Content starts

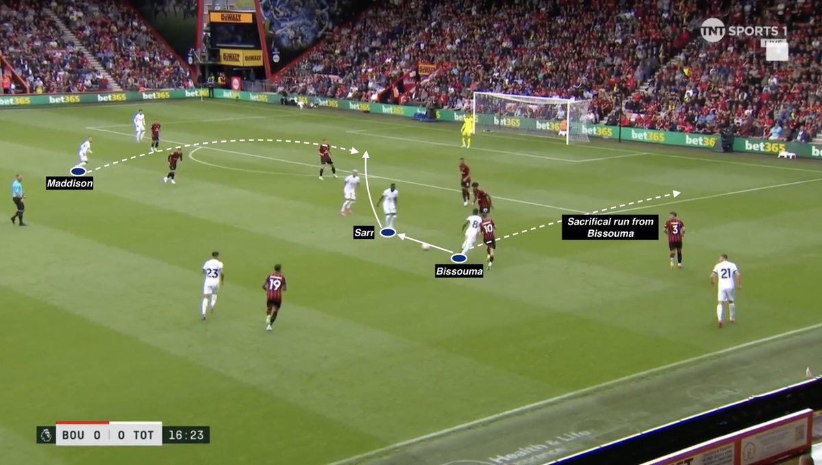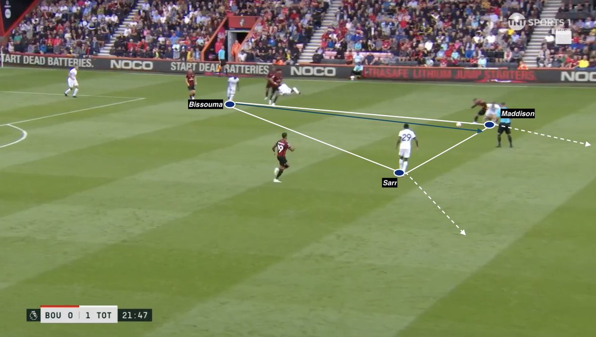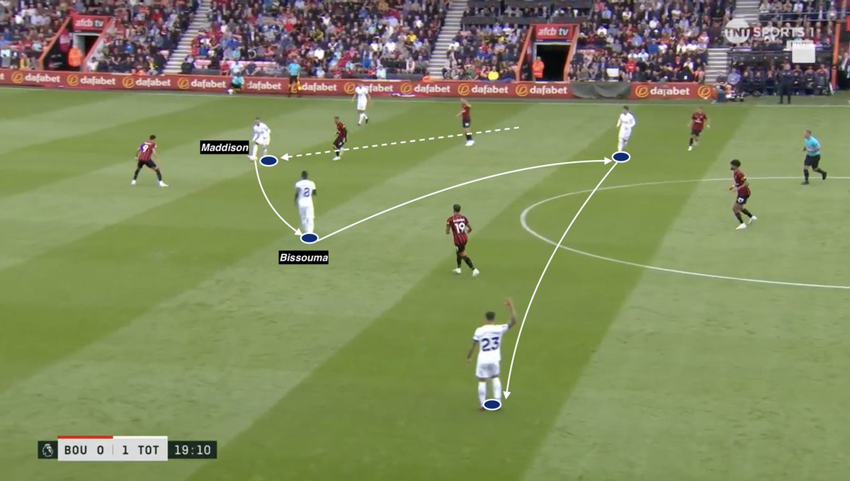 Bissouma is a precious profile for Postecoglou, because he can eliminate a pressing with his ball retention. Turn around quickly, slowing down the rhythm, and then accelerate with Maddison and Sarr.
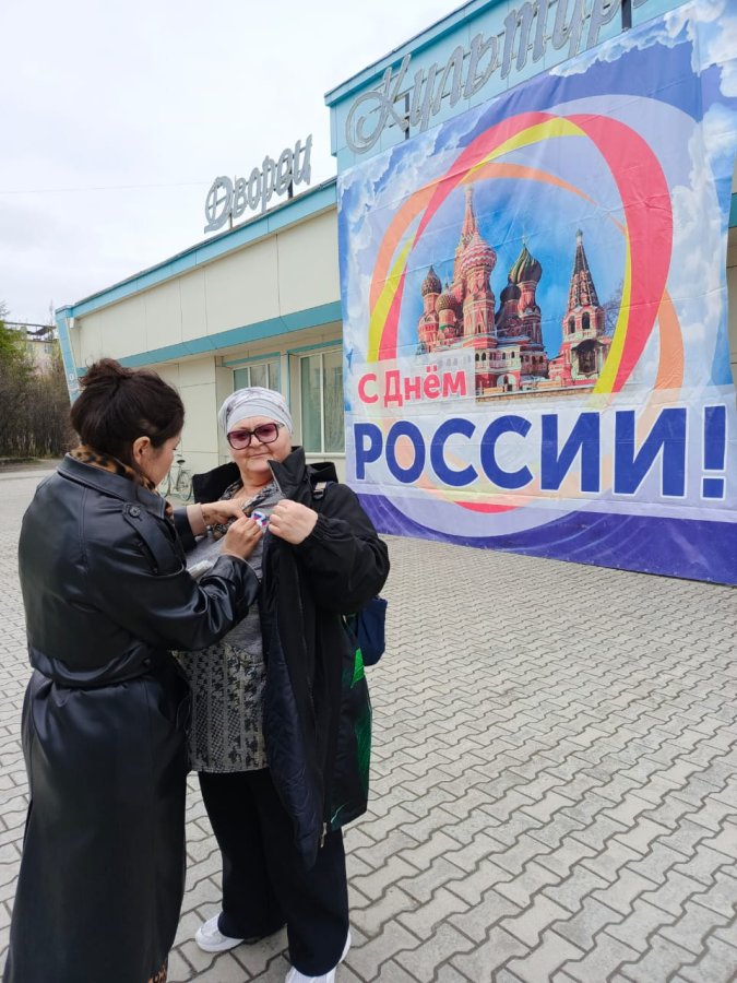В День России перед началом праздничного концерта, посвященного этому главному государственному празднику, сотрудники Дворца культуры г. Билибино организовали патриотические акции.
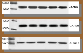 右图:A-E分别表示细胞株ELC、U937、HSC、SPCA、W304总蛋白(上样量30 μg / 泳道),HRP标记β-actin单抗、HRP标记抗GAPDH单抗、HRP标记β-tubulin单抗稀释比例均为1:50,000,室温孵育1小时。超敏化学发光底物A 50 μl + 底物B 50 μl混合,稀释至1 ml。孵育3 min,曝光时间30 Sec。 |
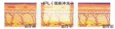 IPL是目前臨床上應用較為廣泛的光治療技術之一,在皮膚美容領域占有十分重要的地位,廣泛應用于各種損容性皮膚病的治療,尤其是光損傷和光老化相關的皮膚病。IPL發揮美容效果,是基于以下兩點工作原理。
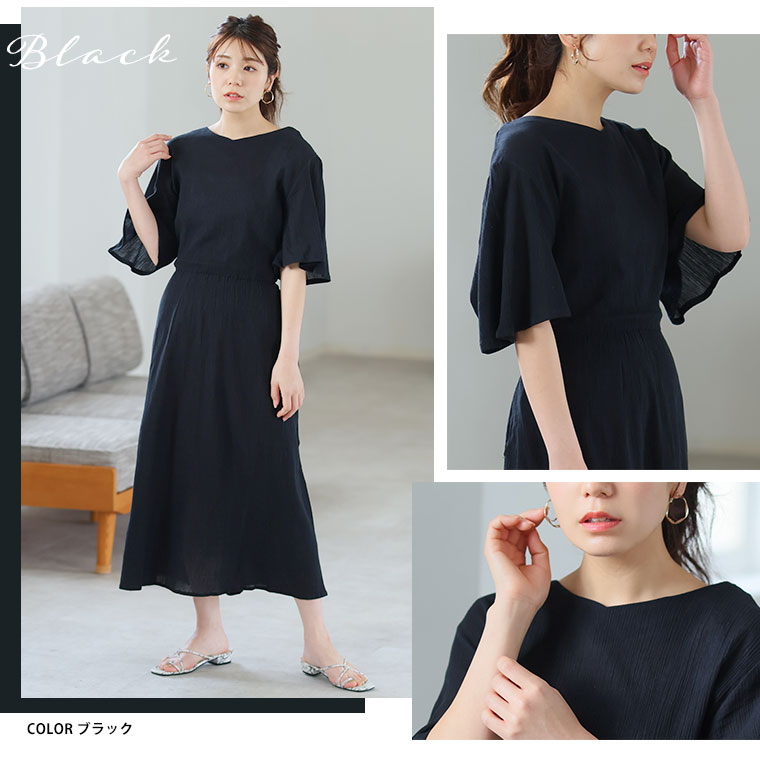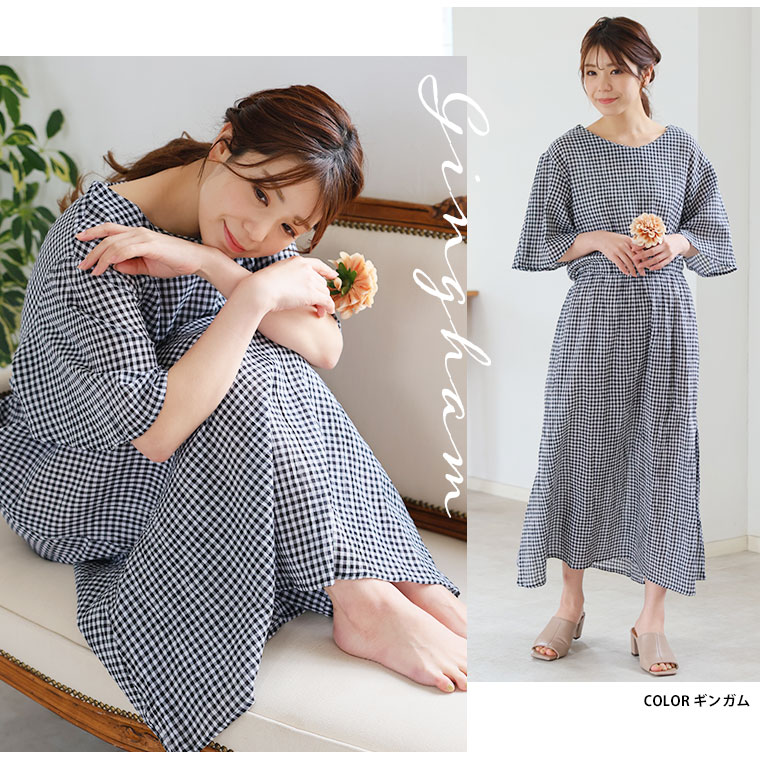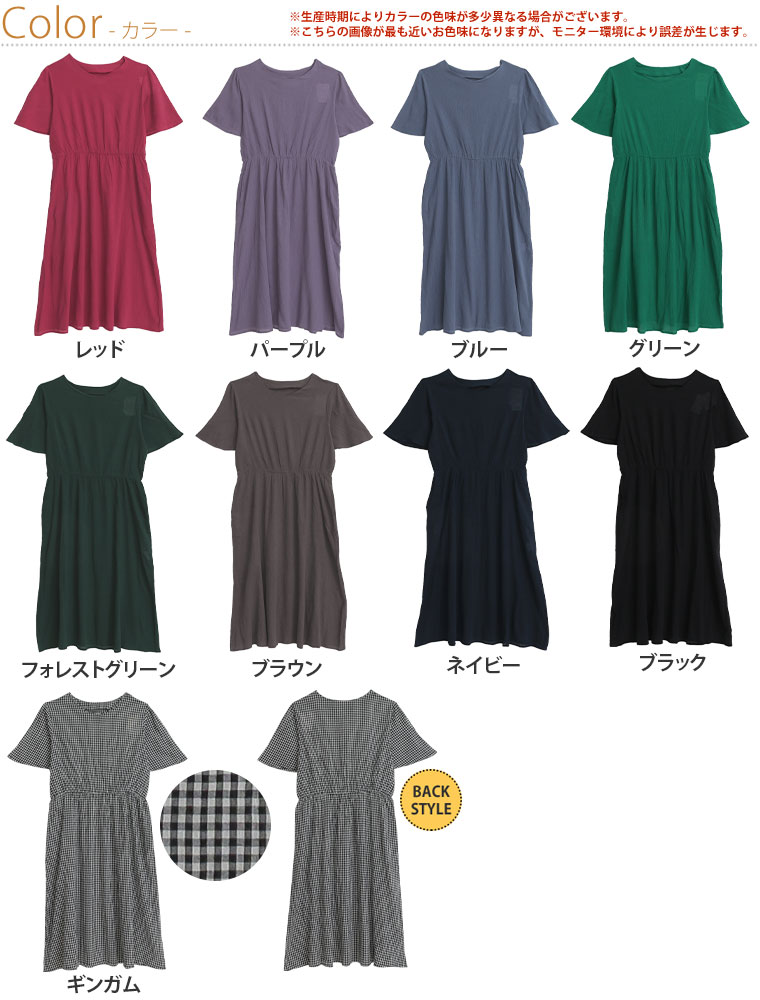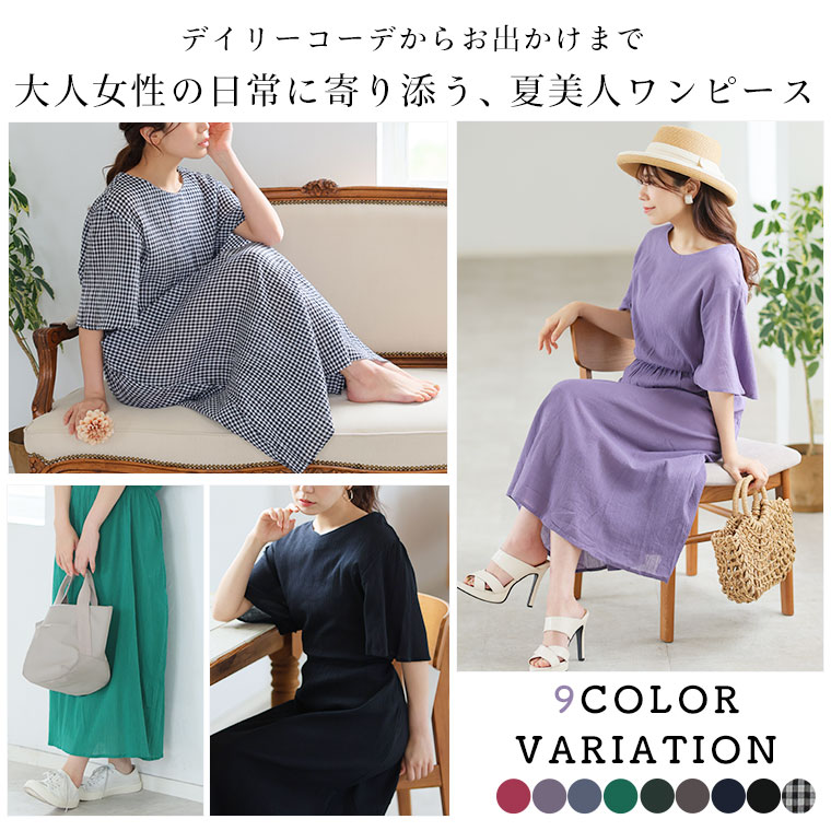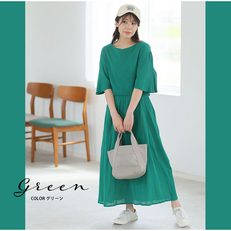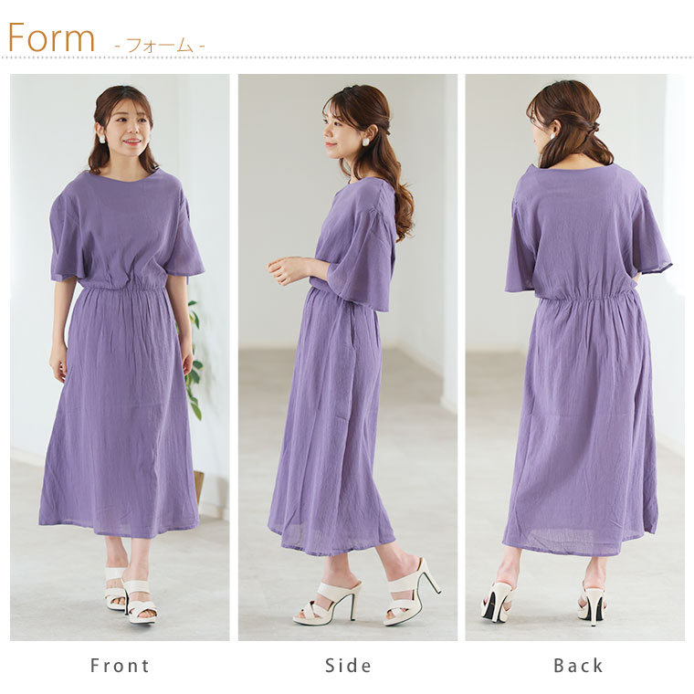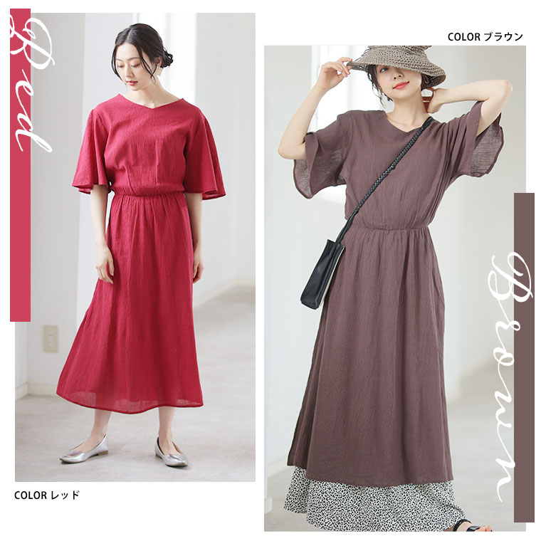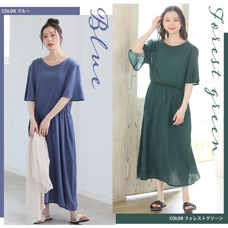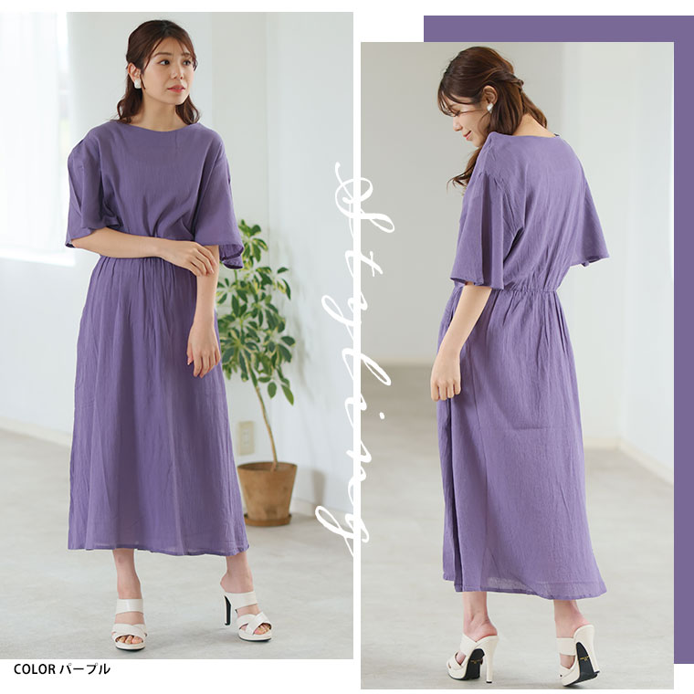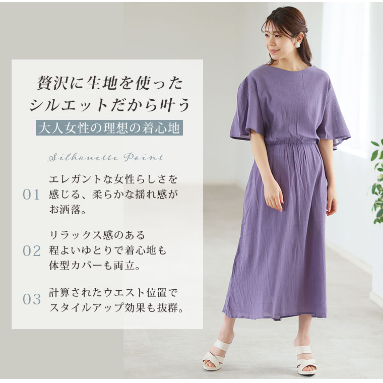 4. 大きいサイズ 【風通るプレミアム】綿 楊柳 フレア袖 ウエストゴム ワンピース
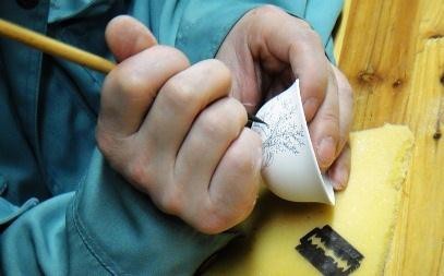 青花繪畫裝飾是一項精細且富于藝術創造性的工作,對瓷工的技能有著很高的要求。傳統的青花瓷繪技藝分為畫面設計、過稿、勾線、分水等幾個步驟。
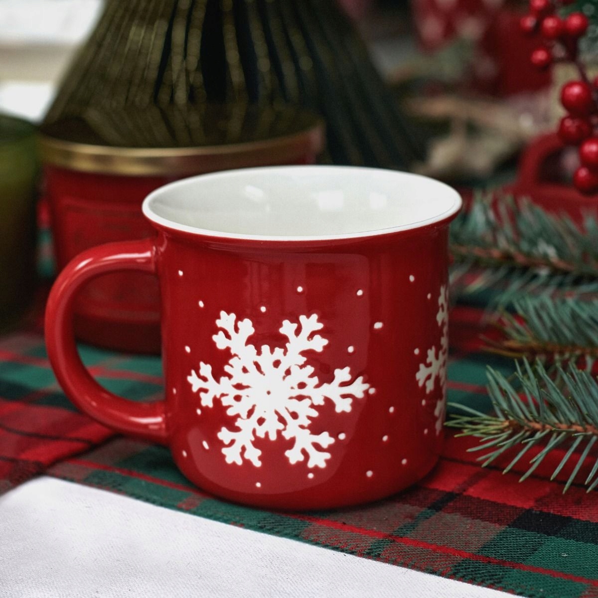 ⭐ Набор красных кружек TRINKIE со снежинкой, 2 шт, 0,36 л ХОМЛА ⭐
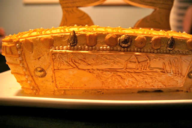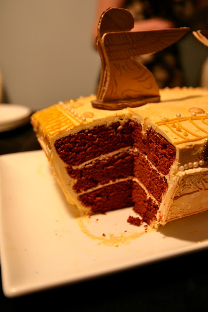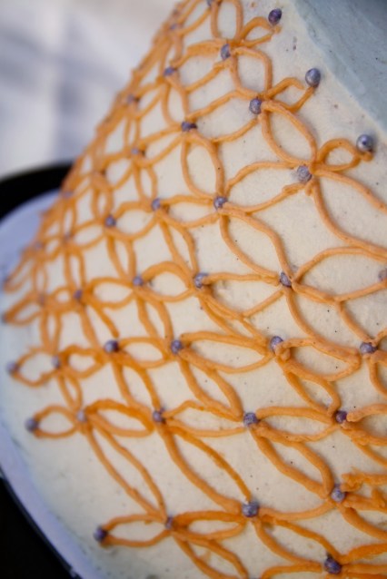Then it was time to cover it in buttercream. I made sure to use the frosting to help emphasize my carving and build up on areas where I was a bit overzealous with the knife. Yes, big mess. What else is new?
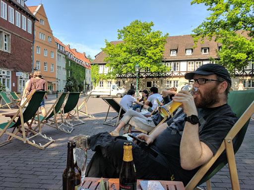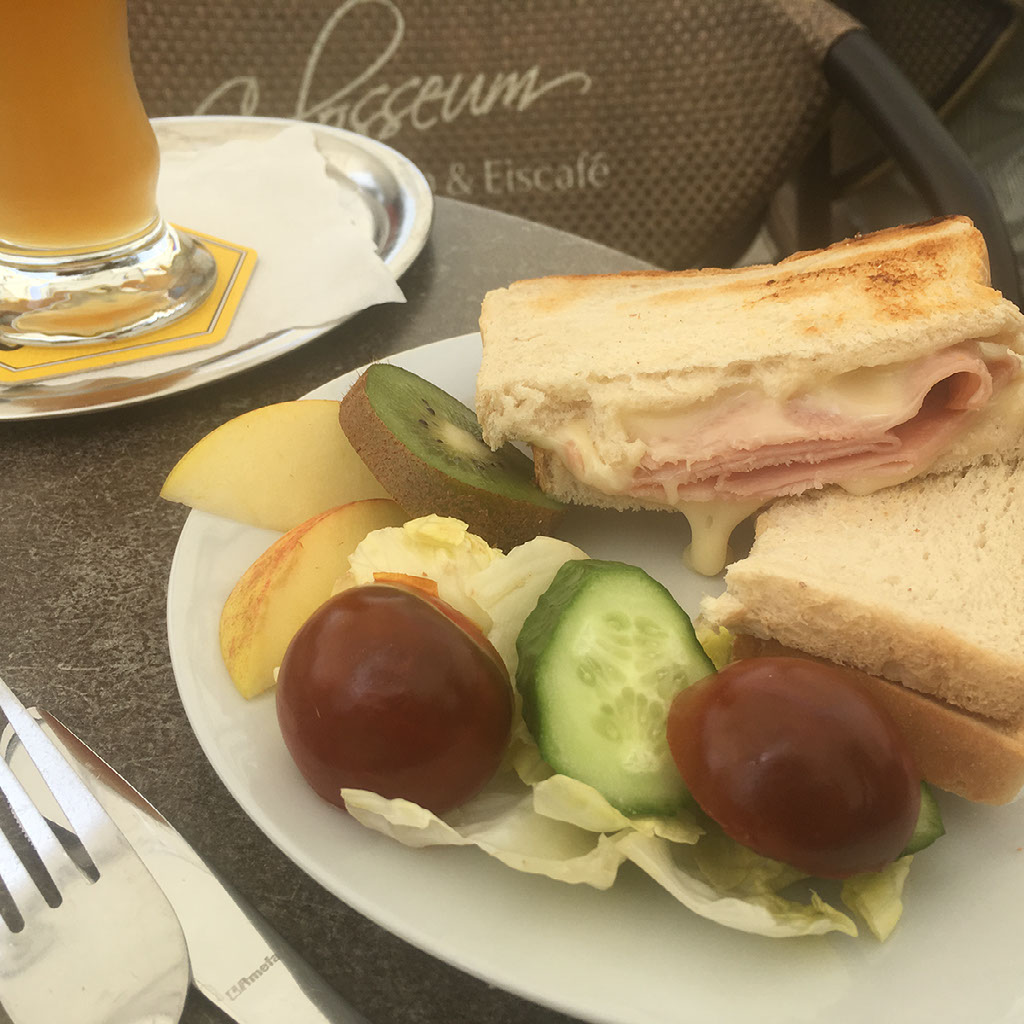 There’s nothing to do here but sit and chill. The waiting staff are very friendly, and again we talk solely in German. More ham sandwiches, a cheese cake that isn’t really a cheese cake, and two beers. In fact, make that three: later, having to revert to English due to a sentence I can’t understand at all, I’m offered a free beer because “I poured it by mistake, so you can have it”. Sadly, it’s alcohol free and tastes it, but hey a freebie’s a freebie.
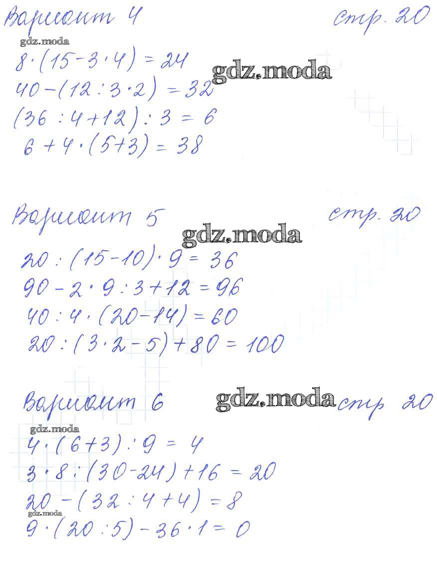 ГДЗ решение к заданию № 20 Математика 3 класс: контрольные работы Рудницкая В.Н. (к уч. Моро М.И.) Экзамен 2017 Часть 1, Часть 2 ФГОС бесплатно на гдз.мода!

Content ends

**What you will do:** The reply should hold only the lines running from the top of the records to the line containing "青花繪畫裝飾是一項精細且富于", both included, copied exactly with no pictures.

**Response box:**
 Bissouma is a precious profile for Postecoglou, because he can eliminate a pressing with his ball retention. Turn around quickly, slowing down the rhythm, and then accelerate with Maddison and Sarr.
В День России перед началом праздничного концерта, посвященного этому главному государственному празднику, сотрудники Дворца культуры г. Билибино организовали патриотические акции.
 右图:A-E分别表示细胞株ELC、U937、HSC、SPCA、W304总蛋白(上样量30 μg / 泳道),HRP标记β-actin单抗、HRP标记抗GAPDH单抗、HRP标记β-tubulin单抗稀释比例均为1:50,000,室温孵育1小时。超敏化学发光底物A 50 μl + 底物B 50 μl混合,稀释至1 ml。孵育3 min,曝光时间30 Sec。 |
 IPL是目前臨床上應用較為廣泛的光治療技術之一,在皮膚美容領域占有十分重要的地位,廣泛應用于各種損容性皮膚病的治療,尤其是光損傷和光老化相關的皮膚病。IPL發揮美容效果,是基于以下兩點工作原理。
 4. 大きいサイズ 【風通るプレミアム】綿 楊柳 フレア袖 ウエストゴム ワンピース
 青花繪畫裝飾是一項精細且富于藝術創造性的工作,對瓷工的技能有著很高的要求。傳統的青花瓷繪技藝分為畫面設計、過稿、勾線、分水等幾個步驟。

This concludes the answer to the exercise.